I'm like a dog with a bone on this because I run a group called Self-Employed Creative Professionals (www.SECPpdx.com). One of our missions is to help our members be better business owners and to be more profitable. We're all struggling with the same issue. We're not taught this in school (why?). I thought I was doing everything right until this year's taxes. Now I feel totally lost. I love my accountant but she just wants to 'cover' QuickBooks more. That's not the problem. I'd give almost anything to find the solution for me AND my fellow self-employeds. This new economy is not going away and we need to have complete control over our money.
Do you have any suggestions? Does it make sense what I'm saying? Am I asking the right questions?
Hey Barbara,
The problem is that exercising complete control over your money isn't an easy thing -- that's why there is such a thing as accountants. We hire lawyers to do our legal stuff, electricians to do our electrical stuff, but we expect to be able to manage a business' money with no training.

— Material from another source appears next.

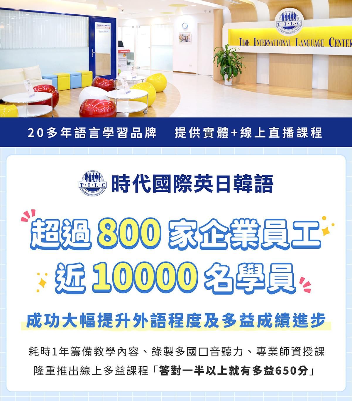 🎁 時代國際LINE好友 省$100 手機點我拿優惠,或搜尋 ID : @TILC 回傳 :「我要多益折100」。
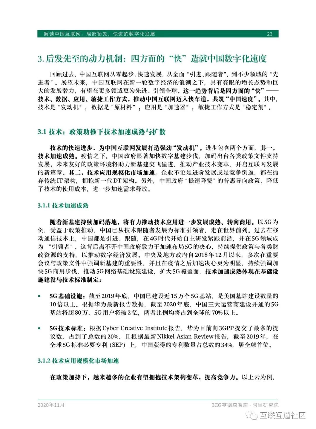 回顾过去,中国互联网从零起步、快速发展,从全面“引进、跟随者”,到不少领域的“先进者”。展望未来,中国互联网在新一轮数字经济的浪潮之下,具有亮眼的增长态势和巨 大的发展潜力,有望在更多领域更为先进、引领全球。这一趋势背后是四方面的“快”—— 技术、数据、应用、敏捷工作方式,推动中国互联网迈入快车道,共筑“中国速度”。其中, 技术是“发动机”;数据是“原材料”;应用是“加速器”;敏捷工作方式是“稳定剂”。

This is especially a problem for creative professionals. I've designed MANY databases for creative professionals -- even some in the exact same line of business, in the exact same city, in competition with each other -- and every one of them wanted an entire different way of looking at their business. The majority of creative people just aren't wired to manage money, and definitely not in the way that accountants do -- but you already know that.
There's a middle ground between you and the accountant, though. There are lots of bookkeeping firms out there -- your accountant can probably even recommend one. These are people who are not certified accountants (translation: they are MUCH cheaper per hour!), but they have training and experience on how to manage a company's money. They are used to figuring out how much money should be set aside for taxes every year, and all the other problems that plague you.
What you are saying makes total sense, but the answer is that you need regular help from a professional -- not just once a year at tax time.
I think you're right, Paul - definitely on the our 'wiring' differences. I think it need a little more hand holding (and chocolate).
This has been and interesting conversation string. I appreciate everyone's input.
Annie, I would love to get back to your issue at hand even though it has been a while. I have quite a bit of experience on both ends of QB, Mac and Windows. And I agree with everyone else that QB for Mac is trash! I recently began my bookkeeping business this month and wanted to stick with my love affair of all things Macintosh. So I purchased an iMac, VM-ware, and Quickbooks Pro 2009 for Windows. It runs flawlessly and provides access to all the great QB features that are missing on the Mac version. Just wanted to let you know about that route. Good luck!